How to know which is the previous version

Note to the previous: I recommend a note for the record previous. I think this is how most programmers would expect that was done, and therefore it is the one that has the least entry barrier to other programmers.

Implementing a HEAD indicator

Braches: There are file versioning systems that have various development braches, ie various visions of what is the version current. This requires that there is something in the system that represents a Brach, and it is this object that will tell you what your HEAD.
No branches: This is the simplest. There are no multiple views of content. Only one branch with only one HEAD. Still it could exist a branch-specific record in the database that points to HEAD, this makes the system flexible and allows it to develop for other ways, or else use a flag in a field of one of the tree elements... what else of inflexible, I think it would be more complicated, mainly to ensure that there is only one record of the tree that has the flag on.

About the work unit

The working unit is each node of the tree. There are two ways to undo, one that allows you to undo minor changes than the working unit, and another which allows you to undo only entire working units.

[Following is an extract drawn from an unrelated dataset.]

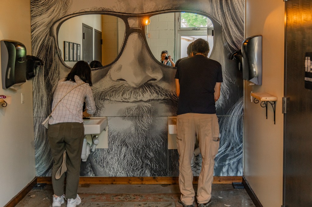 favorite public restroom at Shine Beer Sanctuary, Bozeman, Montana – the dude abides
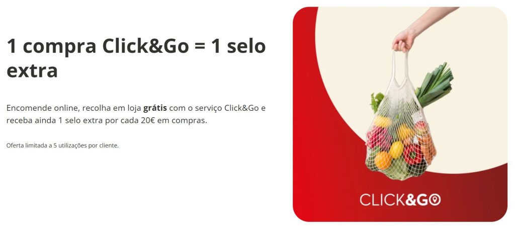 – 1 selo por cada compra mínima de 20€ no serviço Click&Go (limitada a 5 utilizações do serviço por cliente).

Undo entire units: this is the easiest way to implement. Only requires the HEAD appointment to be changed. To allow actions Further granular grinding, smaller working units can be used. For example, if the system is composed of updated POSTS by multiple users, like Stackoverflow, the working unit can be an entire post, which is the if, or if it was necessary to undo only tags independent of the content, there could be two trees of amendments: one for content and the other for tags, ie two more granular undo systems.
Partially undo units: this way of undoing, can’t be called well so, because it requires a MERGE and therefore a new record of change. Using the previous example, where you want to undo content and tags a posting independently, if the work unit were the post, then to undo only tags up to a point past P0, a new posting object would have to be created P2, by copying the tags from the desired point P0, and indicating that the new post P2 is a MERGE between the previous P1 and the point P0:
```
Resumindo: P2 => P0 + P1 (MERGE)
```
That being said, you can see that such a system is much more difficult to implement.